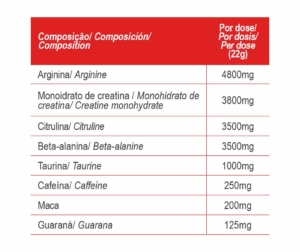 A L-arginina e a L-citrulina contribuem para o aumento do fluxo sanguíneo e para uma melhor entrega de nutrientes ao músculo, promovendo a vasodilatação e ajudando a melhorar a sensação de “pump”. A beta-alanina ajuda a reduzir a acidez muscular, atrasando a fadiga, enquanto a creatina apoia a força e a potência em séries curtas e intensas. A cafeína, em combinação com Maca e Guaraná, fornece energia, foco e maior resistência ao esforço.
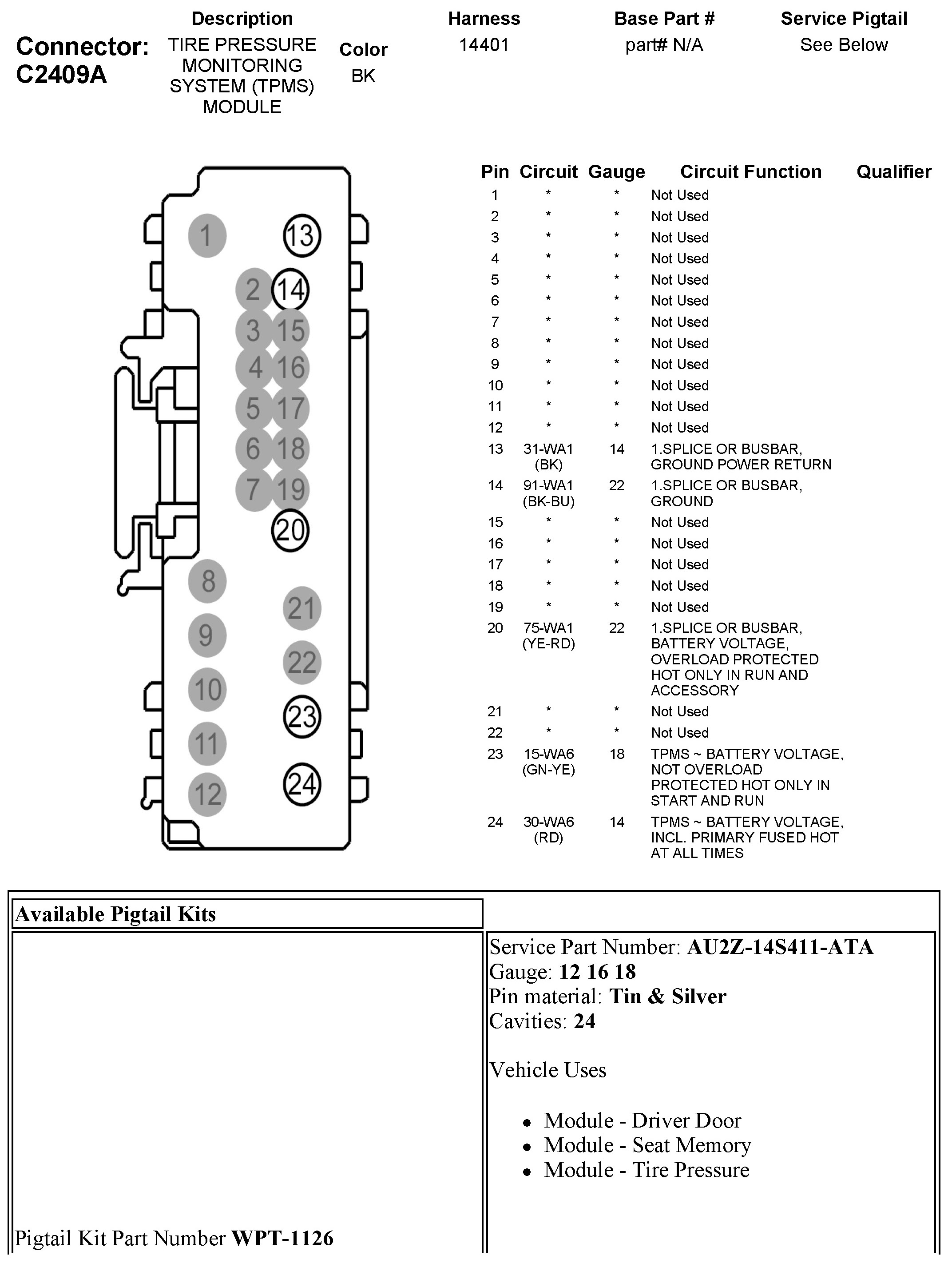 C2409A Tire Pressure Monitoring System (TPMS) Module
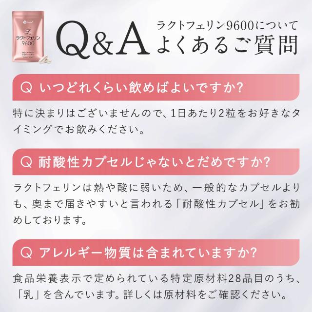 原材料名:デキストリン(国内製造)/ラクトフェリン抽出物(乳由来)、HPMC、ステアリン酸カルシウム、微粒酸化ケイ素、ゲル化剤(ジェランガム)
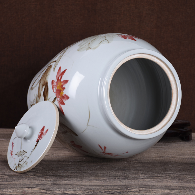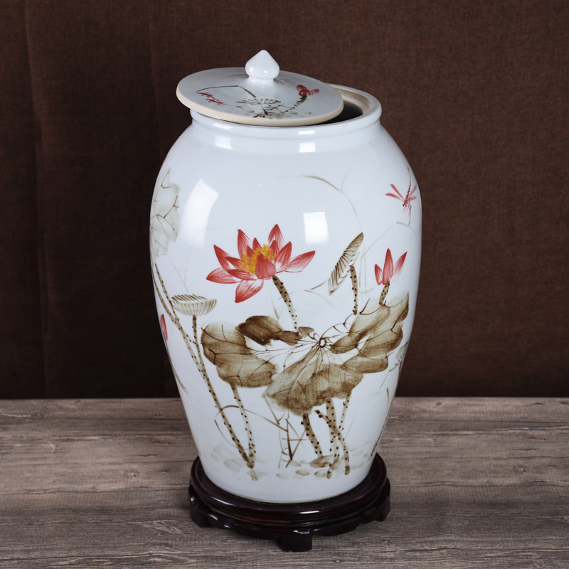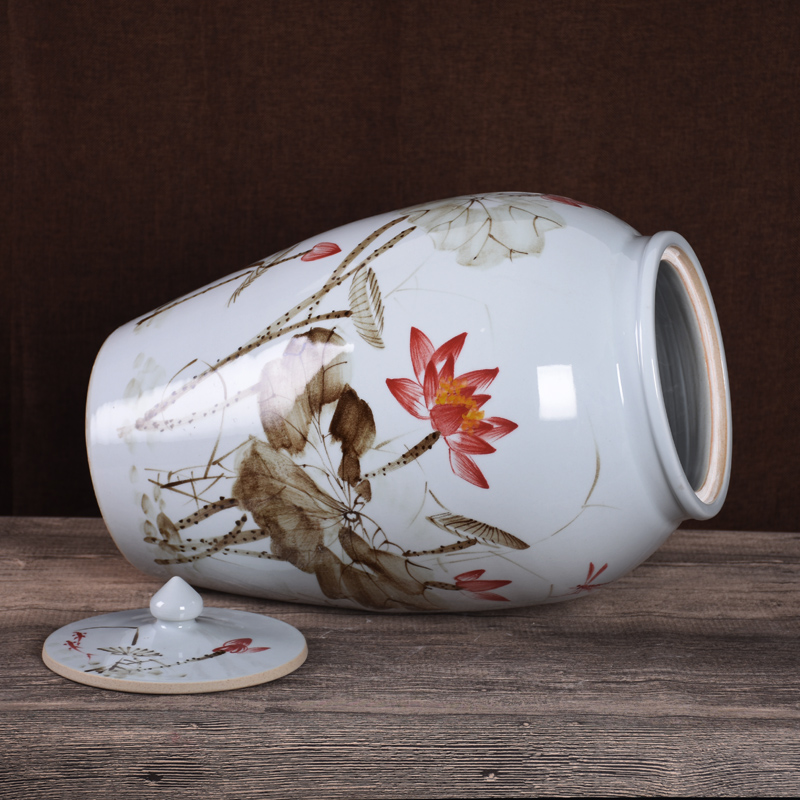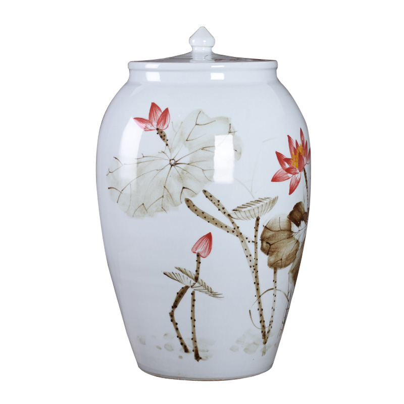 Jingdezhen hand-painted ceramic rice cylinder 50 kilograms of rice barrel oil cylinder water cylinder wine cylinder pickled meat cylinder high white porcelain clay fired
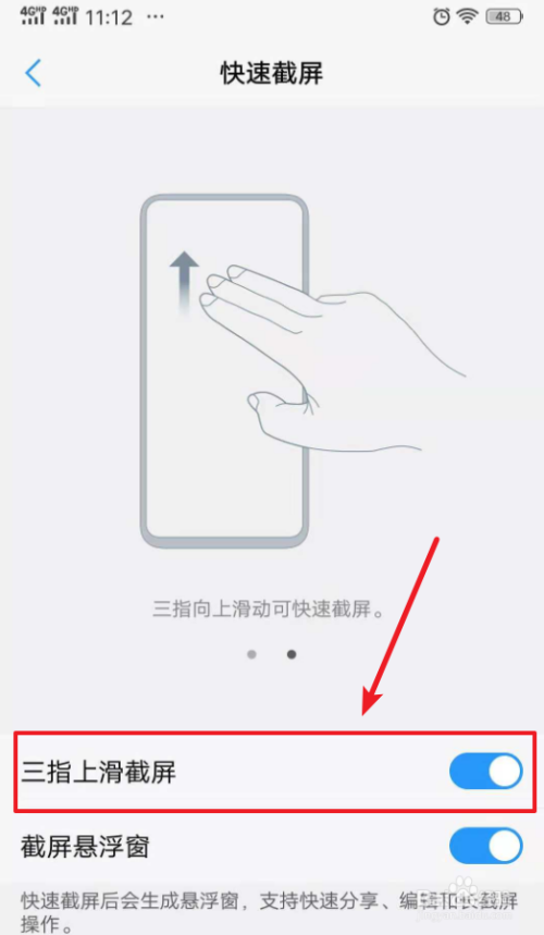 进入后,页面上方会显示出三指截屏的操作动画。我们将三指上滑截屏的选项打开。打开后在手机页面从底部三指上滑就可以完当作截屏。

_Work order_.
Leaving every picture aside, repeat the listing exactly.

_Problem solution_.
 A L-arginina e a L-citrulina contribuem para o aumento do fluxo sanguíneo e para uma melhor entrega de nutrientes ao músculo, promovendo a vasodilatação e ajudando a melhorar a sensação de “pump”. A beta-alanina ajuda a reduzir a acidez muscular, atrasando a fadiga, enquanto a creatina apoia a força e a potência em séries curtas e intensas. A cafeína, em combinação com Maca e Guaraná, fornece energia, foco e maior resistência ao esforço.
 C2409A Tire Pressure Monitoring System (TPMS) Module
 原材料名:デキストリン(国内製造)/ラクトフェリン抽出物(乳由来)、HPMC、ステアリン酸カルシウム、微粒酸化ケイ素、ゲル化剤(ジェランガム)
 Jingdezhen hand-painted ceramic rice cylinder 50 kilograms of rice barrel oil cylinder water cylinder wine cylinder pickled meat cylinder high white porcelain clay fired
 进入后,页面上方会显示出三指截屏的操作动画。我们将三指上滑截屏的选项打开。打开后在手机页面从底部三指上滑就可以完当作截屏。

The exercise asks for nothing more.